Tori: She was five on our first trip and it's hard to believe that she will be NINE when we go this time. Where does the time go? One of my favorite memories of her entire life was meeting Cinderella on the first day of our 2010 trip. Happy sigh. Thankfully she's still pretty into the magic of Disney and isn't (yet) getting all grown up and too cool.

Lucas: Lucas started off our 2010 still 2 years old and celebrated his third birthday at Magic Kingdom. When we went back in 2012, it was a few days shy of his 5th birthday so technically he's been to Disney at age 2, 3 and 4. :) He's 6 now and getting so grown up! This trip will be the last week before he turns seven. Hard to imagine!
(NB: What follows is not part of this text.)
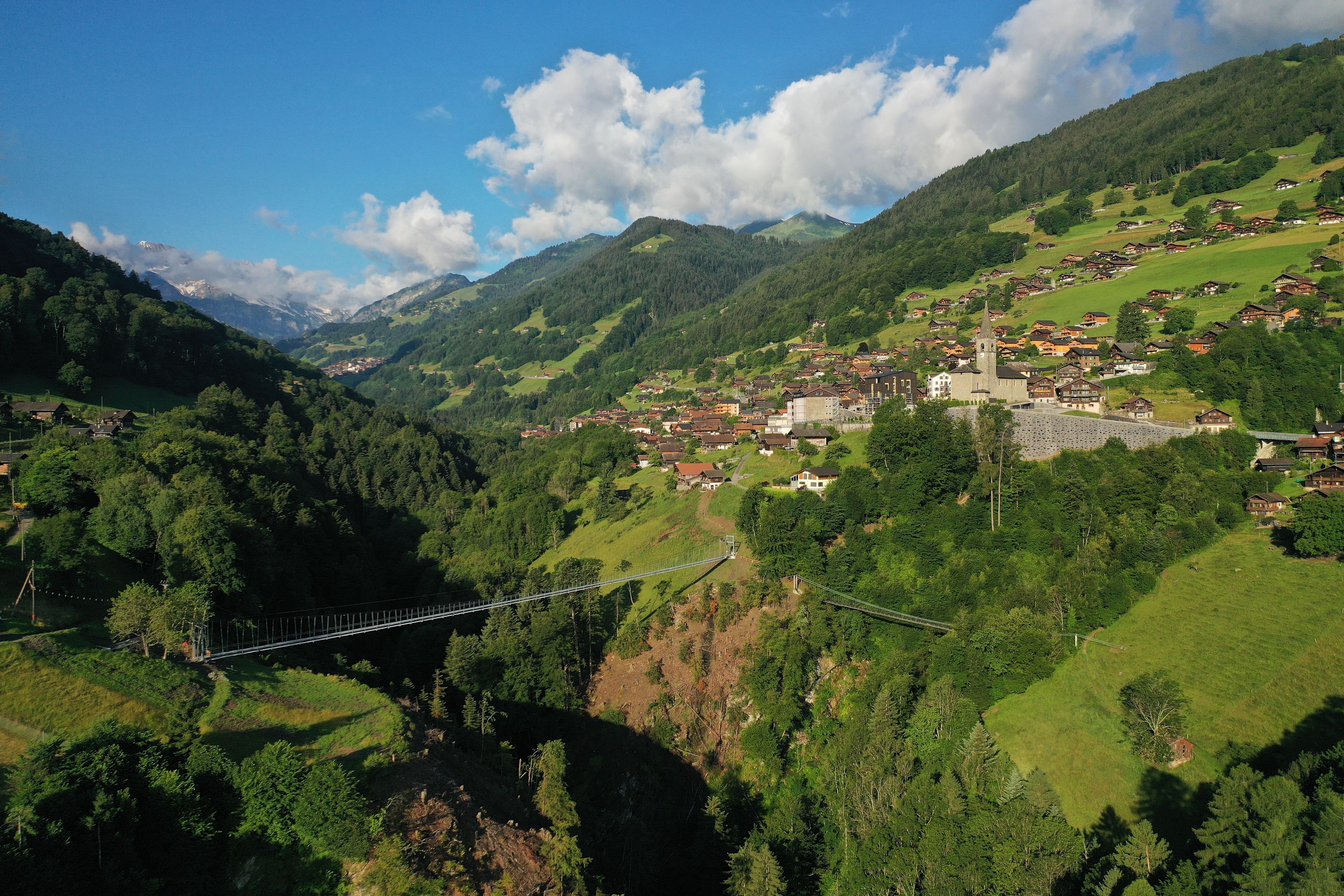 With a length of 185 metres and a height of 75 metres, this footbridge provides a new soft mobility route and secures the drinking water supply of the Chenarlier district. Access: On the village side of Troistorrents: parking of the Tine (under the church), the access to the footbridge is just in front of the Galerie de la Tine, go down to the left the pedestrian path covered with wood chips.

Oliver: Dear, sweet Oliver. Remember how I said Lucas turned five the week after our trip in 2012? Well, I bawled. I sobbed. I was an emotional wreck. Why? Because I was NEVER going to take a five year old to Disney World again. Five is the most magical age, in my opinion, and my heart was broken. Grumpola says I got a case of "emotional uterus" because it was exactly one month later that we were surprised with a positive pregnancy test. Honest and truly the first thought I had was "I get to take a five year old to Disney again!"

And, oh yeah, me! Lover of all things Disney. First trip? My parents pulled the ultimate surprised on us. ANd that was back before the Internet and YouTube and surprise trips being the cool thing to do. It was pretty epic and I will share that story later on. Let's just say they put NINE YEARS into planning the trip.
 
It's booking day!!!!!!!!!!!!!!!

Waiting on the email from my TA with the link to make my deposit. Yippee! I have to book by Saturday to get the PIN code price. And I'm doing that just in case a better deal doesn't come along. But I am PRAYING for free dining!